The Story of the Chair
I didn’t have the holiest of Rosh Hashanahs but I have spent some time in this week of repentance in contemplation of myself as a person and thinking about things I could improve. I’ve made a lot of changes in my lifetime, but somehow, I think, we all encounter the same issues whenever we think about changing ourselves. It’s the same each year: I won’t be so judgey! I won’t be so irritable! I’ll be nicer to people! And then, somehow, you’re just the same. I wondered what it does take to make change in one’s life and then, strangely, I was presented with a huge example.
Last week, when my team was here, folks sat in this one chair I have, and I meant to tell them the Story of the Chair, which I always do when someone sits in it. I think I do this, even though it happened over twenty years ago, because it still baffles and amazes me that it happened at all. At my college (the original one, not my grad school), you were kicked out of university housing after your freshman year and mostly left to your own devices to secure a place to live for the next three years. My friends and I arranged to rent a rowhouse near campus, but our lease didn’t start until late summer which left the matter of where to store some of our belongings until we moved in. One of the libraries, a grand old “reading room” was being redone and they sold all their furniture to students on the cheap. It was a fun sight watching the frat guys walk away with the long tables previously used for study – presumably to a new and different future. I bought one chair, a deep dark wood with black leather padding at the back and seat, to use as my future desk chair. But I couldn’t take it home to NY for the summer and my future roommates had things of this nature as well. Another friend, I’ll call him J., was moving into his new place immediately and offered to hold all our things until then.
I should talk a minute about my connection with J. here. We were extremely close. We came from the same county and had mutual friends from high school. We lived across the hall from each other and occasionally when my roommate had a gentleman caller and his roommate was with his significant other, I’d sleep over completely platonically. We even shared the same birthday, which we celebrated together. And he was a real confidant to me. So it was completely natural for him to make this nice offer and we stuck our library purchases and a few other things in J’s new basement.
Fast forward to the day I went to pick up my stuff and I went down with J. to the basement to get my chair and the other things. Except, J. insisted that the chair was his. At first I thought he was kidding. It’s hard to remember exactly, but I think there was another slightly different chair that he claimed was mine. “Mine has scratches on the back right leg,” I remember saying and sure enough, the one I claimed was mine did have that. But he insisted I was mistaken. There was a certain point in the argument where I think he knew he had made a mistake originally but did not want to admit it so just kept going. It was surreal. Why the hell would anyone lie about a $10 chair? Especially between two good friends? Finally, he grandly said that it was his but I could have it. I didn’t bother to fight this and just took it and left. But our friendship was really over. We barely spoke for a year and it was only probably the last year of school where we had friendly, superficial conversations.

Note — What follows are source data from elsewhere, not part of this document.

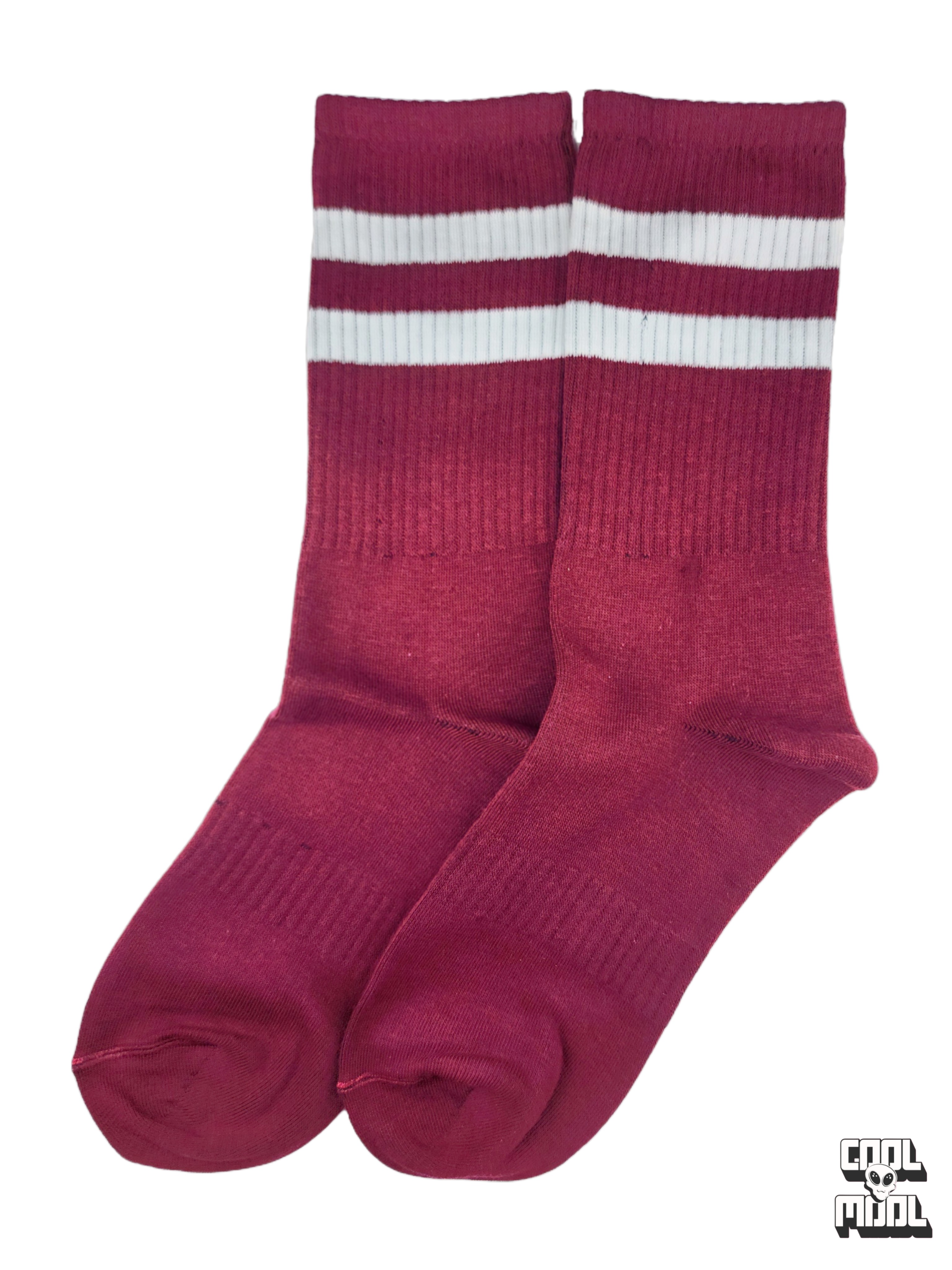 جوراب زرشکی (قرمز تیره) با خط سفید: جسور و خاص. رگه ای از رنگ و هیجان به استایل شما اضافه میکنه. عالی برای ستهای تیره! 🍷⚪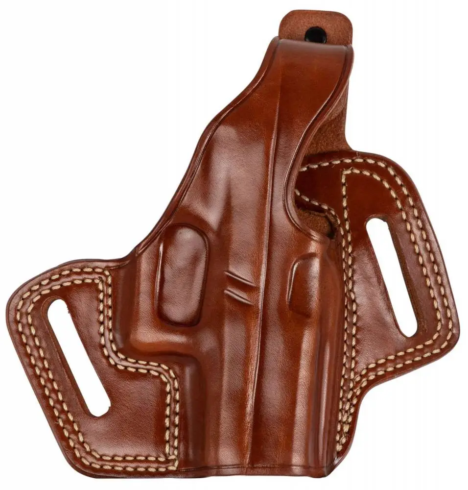 The FLETCH high ride holster's unique two-piece construction is contoured on the body side to the natural curve of the hip, keeping all the molding on the front of the holster, allowing for significantly more comfortable carry and a narrower profile than an ordinary pancake type holster*. Hand-molded to fit specific handguns. Features a reinforced thumb break for security, firing grip accessibility for speed, double-stitched seams for durability, and covered trigger guard for safety. The retention strap configuration is specific to individual firearms types, and varies depending on firearm model. *Not available on some holster fits.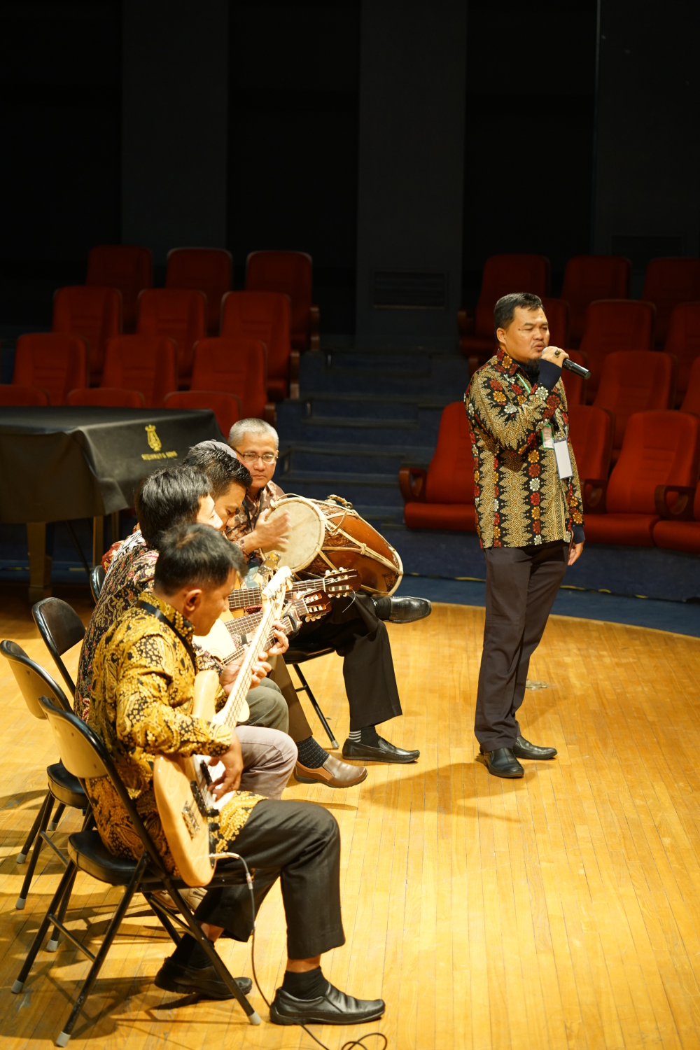 随后,来自印尼图尔日惹高等学院(Kasihan-bantul-jogja)的Kartiman,Wibisono,Wardi,Andriyanto等音乐家们,分别带来了两首印尼经典歌曲《Bengawan Solo》《Yan ing tawang ono lintang》。他们的表演情感真挚,令人动容,赢得了在场听众的热烈掌声。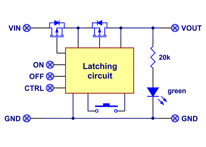 The switch and control inputs control the state of a latching circuit that in turn controls a pair of power MOSFETs through which the main current flows. Four versions of the Pololu Pushbutton Power Switches are available: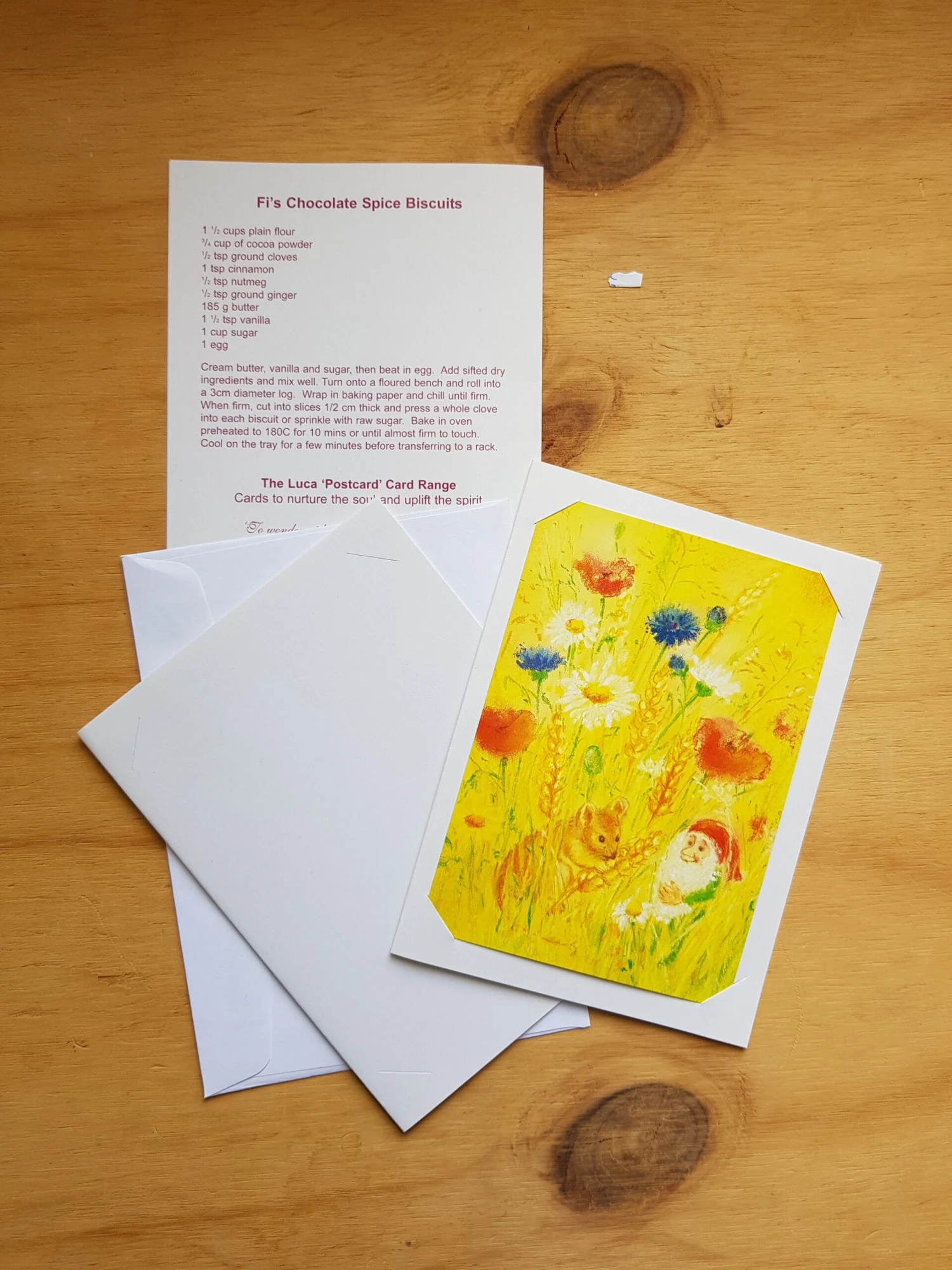 Turn your postcard or photos into a conventional folded card. Simply slide into our frame and slip into the envelope provided. Great for preserving and sending beautiful postcards and postcard that can then be removed to be put as a lovely picture. Each card/frame has a lovely recipe for ginger biscuits on the back It fits all of our postcard collection or any standard size postcard or photo.

As I’ve said, I still have that chair, even though it matches nothing in my home and is, of course, ancient. I keep it both to remind me of that library where I spent so much time and because I fought so hard for it – how could I let it go? But I think it’s that I also never understood what really happened or why. Last year, I friended him on Facebook. We had so many mutual friends and I had photos of my college years that I wanted to post which included him. We exchanged a couple of polite notes about our lives and then our Facebook relationship proceeded on like many: we never communicate but stay updated.
Last weekend, I was busy with my team but afterwards, when I checked Facebook, I saw that many people had written sympathetic things on his wall on 9/11 and that he had thanked them. It also linked to a page for a foundation. When I checked that out and Googled, I found that his brother had died in the Towers. I was stunned that in nine years I had never known that, but more than that was the fact that his entire family had transformed their lives to be dedicated to their son’s memory. That they had set up a foundation which I won’t identify here but that does amazing work. His parents who would probably be retired now, spend their lives in good deeds, done in their son’s name. Their message is simple: out of great evil can come great good. The message to me was, we are not who we were twenty years ago or even last year or last month. We constantly change and learn and grow. We always have the capability of making change in ourselves and in the world.

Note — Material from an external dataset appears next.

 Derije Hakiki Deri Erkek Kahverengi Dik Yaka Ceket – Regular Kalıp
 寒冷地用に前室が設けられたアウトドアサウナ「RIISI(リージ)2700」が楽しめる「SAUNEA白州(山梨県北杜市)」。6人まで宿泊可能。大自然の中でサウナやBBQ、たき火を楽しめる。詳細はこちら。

So as I go into Yom Kippur which begins tonight at sunset, I am inspired by my friend’s family. It is time to not just let change happen but to consciously take action and make positive change. May you have a meaningful Yom Kippur and a wonderful, happy, and healthy year.
Very inspiring, Becca. I do want to make positive change, but how does one person do that? [rhetorical question–I’m not expecting you to give me step by step instructions].

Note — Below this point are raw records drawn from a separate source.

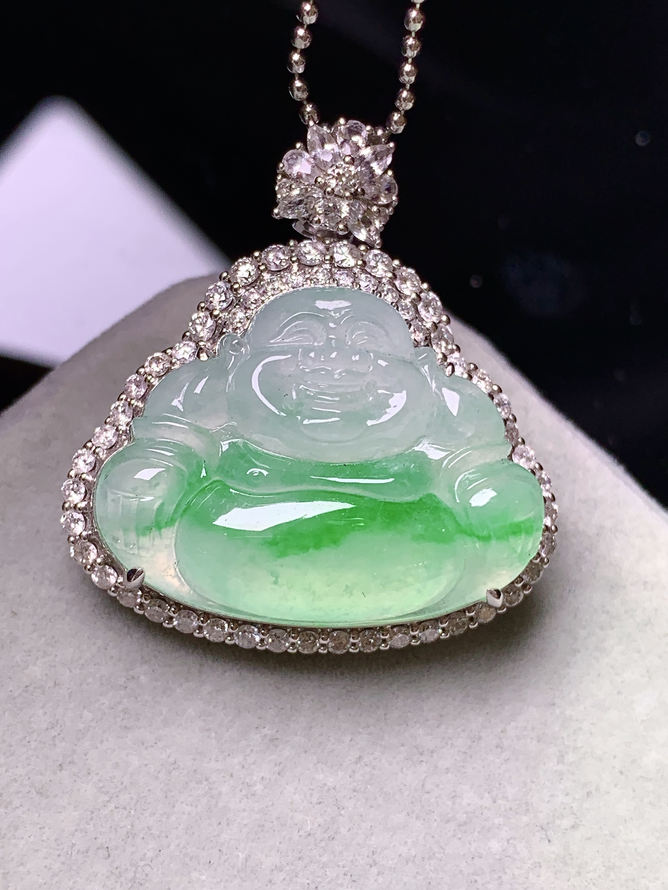 天然A货翡翠佛公吊坠尺寸34-26.5-10,裸石20-21重量:7.86g 4月17日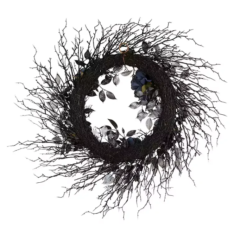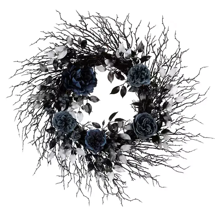 With a spooky twist, this Blue Roses and Deadwood Wreath is the perfect accent for your haunted house. Its dark hues and thorny twigs will transform your entryway for Halloween!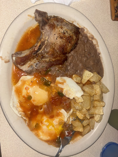 Read moreVisited because they open early at 6 AM. I ordered a pork chop breakfast plate with potatoes, beans, and sunny-side-up eggs with ranchero sauce, plus another plate with beans, potatoes, and what was listed as chilaquiles. Flavors were generally good, but the potatoes were undercooked and had a taste of old oil. I had requested sunny-side-up eggs but forgot I prefer them over-medium. When I asked to have them fixed, they were returned seconds after the microwave beeped.. eggs were in same position, just slightly more cooked. The chilaquiles were more like scrambled eggs with tortilla pieces and pico. One coffee, one lemonade, and two plates came to $29. Given the quality and experience, I won’t...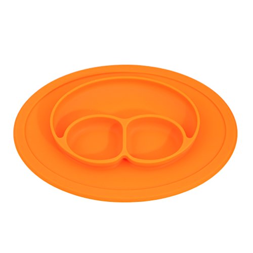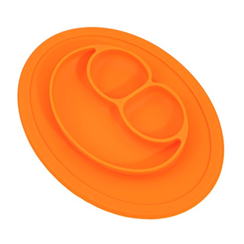 Honel お食事マット ランチョンマット ランチプレート シリコン 離乳食 ベビー食器 幼児 赤ちゃん 子供 キッズ ぴったり吸着 ひっくり返らないベビー食器 笑顔 オレンジ

A happy and healthy new year to you, too.
Becca, I really think you need to find J and give him the chair.
Thanks, Elena. I wish I knew! I think the answer is to just do it. Or at least, that’s Nike’s answer.
Tami, as the post states, we are Facebook friends, so I have found him. But no way!
Becca, I daresay that was better than my rabbi’s Yom Kippur sermons this year. At least, I think it was; I had a bit of a staying-awake-in-synagogue problem this year.
Thank you for sharing it.
My rabbi’s was actually pretty good, until that anecdote about lying to people of another faith. But I digress. Thank you!